Durante más de cinco décadas los científicos han estado detrás de encontrar el mejor modo de enfrentarse a las bacterias. Entre los muchos frentes que se han investigado para llegar a ese fin, se encuentra la manera en que esos patógenos recorren su camino dentro del cuerpo. Ese misterio parece haber llegado a su fin, según lo informado por los especialistas de la Facultad de Medicina de la Universidad de Virginia (UVA) en su reciente artículo publicado en la revista científica Cell y también informado a través del blog de la entidad.
Según señalaron, han resuelto un misterio que involucra a bacterias como la difundida Escherichia coli, entre muchas otras. Los científicos, detectaron que las hélices de las que se valen las bacterias para realizar el proceso de movimiento están hechas de una sola proteína. Para el desarrollo de esta investigación se conformó un equipo internacional de casi dos decenas de profesionales dirigido por Edward H. Egelman de la UVA, líder en el campo de la microscopía crioelectrónica de alta tecnología.
En la tarea, los investigadores utilizaron microscopía avanzada, conocida como crio-EM, y modelado por computadora de vanguardia para revelar lo que ningún microscopio de luz tradicional podía ver: la extraña estructura de estas hélices al nivel de los átomos individuales.

Comprender el recorrido
Cada tipo de bacteria posee uno o varios apéndices conocidos como flagelos. Cada uno está formado por miles de subunidades, todas exactamente iguales. Si esa cola fuera recta o un poco flexible, dejaría a las bacterias incapaces de moverse, porque tales formas no pueden generar empuje. Se necesita una hélice giratoria similar a un sacacorchos para impulsar a la bacteria hacia adelante. Los científicos llaman a este proceso “superenrollamiento” y ahora, después de más de cinco décadas, entienden cómo las bacterias lo logran.

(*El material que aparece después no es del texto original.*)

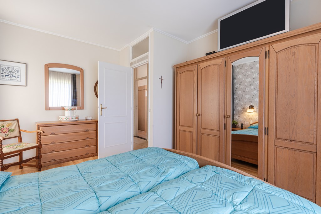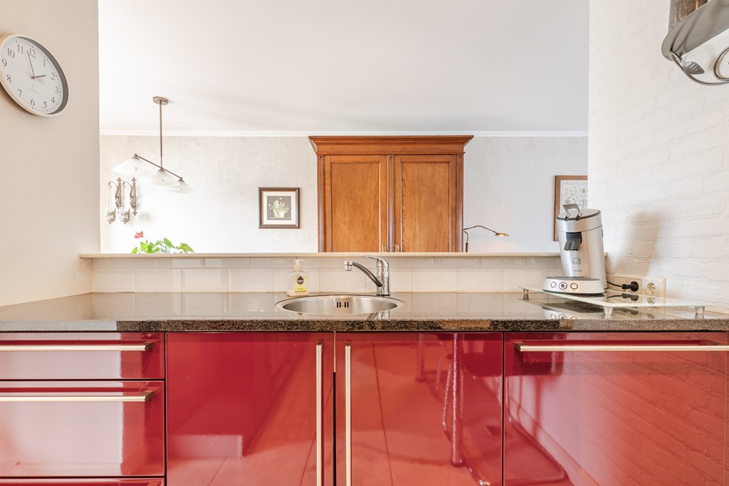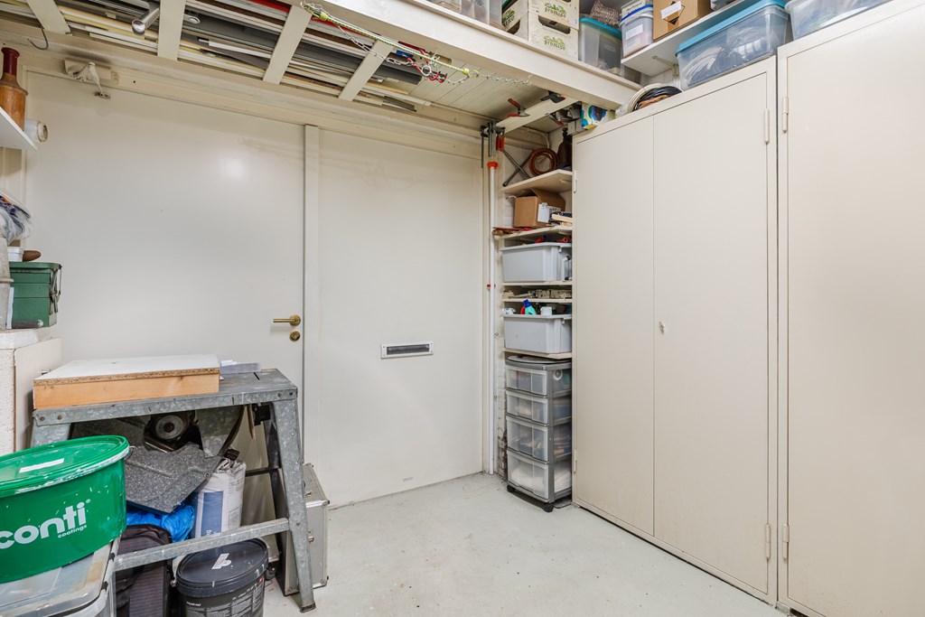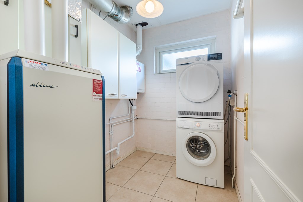 keuken v.v. een gaskookplaat, afzuigkap, oven, koelkast, vaatwasser en een granieten aanrechtblad, praktische bijkeuken (7 m²) met keukenblok, wasruimte (5 m²) met aansluiting voor witgoed, berging (10 m²), 2 ruime slaapkamers (16 m² en 11 m²), garderobekamer (5 m²) met inbouwkasten, badkamer (6 m²) met inloopdouche, wastafel met meubel en toilet.

“Si bien han existido modelos durante 50 años sobre cómo estos filamentos podrían enrollarse de manera tan regular, ahora hemos determinado la estructura de estos filamentos en detalle atómico. Podemos demostrar que estos modelos estaban equivocados, y nuestra nueva comprensión ayudará a allanar el camino para tecnologías que podrían basarse en tales hélices en miniatura” declaró Egelman, del Departamento de Bioquímica y Genética Molecular de la UVA
Gracias al uso de crio-EM, Egelman y su equipo encontraron que la proteína que forma el flagelo puede existir en 11 estados diferentes. Es la mezcla precisa de estos estados lo que hace que se forme el “sacacorchos”. Se sabía que la hélice de las bacterias es bastante diferente a otras similares utilizadas por los organismos unicelulares llamados arqueas. Estos se encuentran en algunos de los entornos más extremos de la Tierra, como en el fondo del océano y en depósitos de petróleo en las profundidades del suelo.

Los científicos utilizaron crio-EM para examinar los flagelos de una forma de arquea, Saccharolobus islandicus. Si bien los detalles fueron bastante diferentes de lo que los investigadores vieron en las bacterias, el resultado fue el mismo, con los filamentos formando sacacorchos regulares. Esto muestra que, aunque las hélices de las bacterias y las arqueas son similares en forma y función, los organismos desarrollaron esos rasgos de forma independiente.
“Al igual que con las aves, los murciélagos y las abejas, que han desarrollado alas para volar de forma independiente, la evolución de las bacterias y las arqueas ha convergido en una solución similar para nadar en ambos. Desde que estas estructuras biológicas surgieron en la Tierra hace miles de millones de años, los 50 años que ha llevado comprenderlas pueden no parecer tanto”, concluyó Egelman, cuyo trabajo previo de imágenes lo llevó a integrarse a la Academia Nacional de Ciencias, uno de los más altos honores que puede recibir un científico.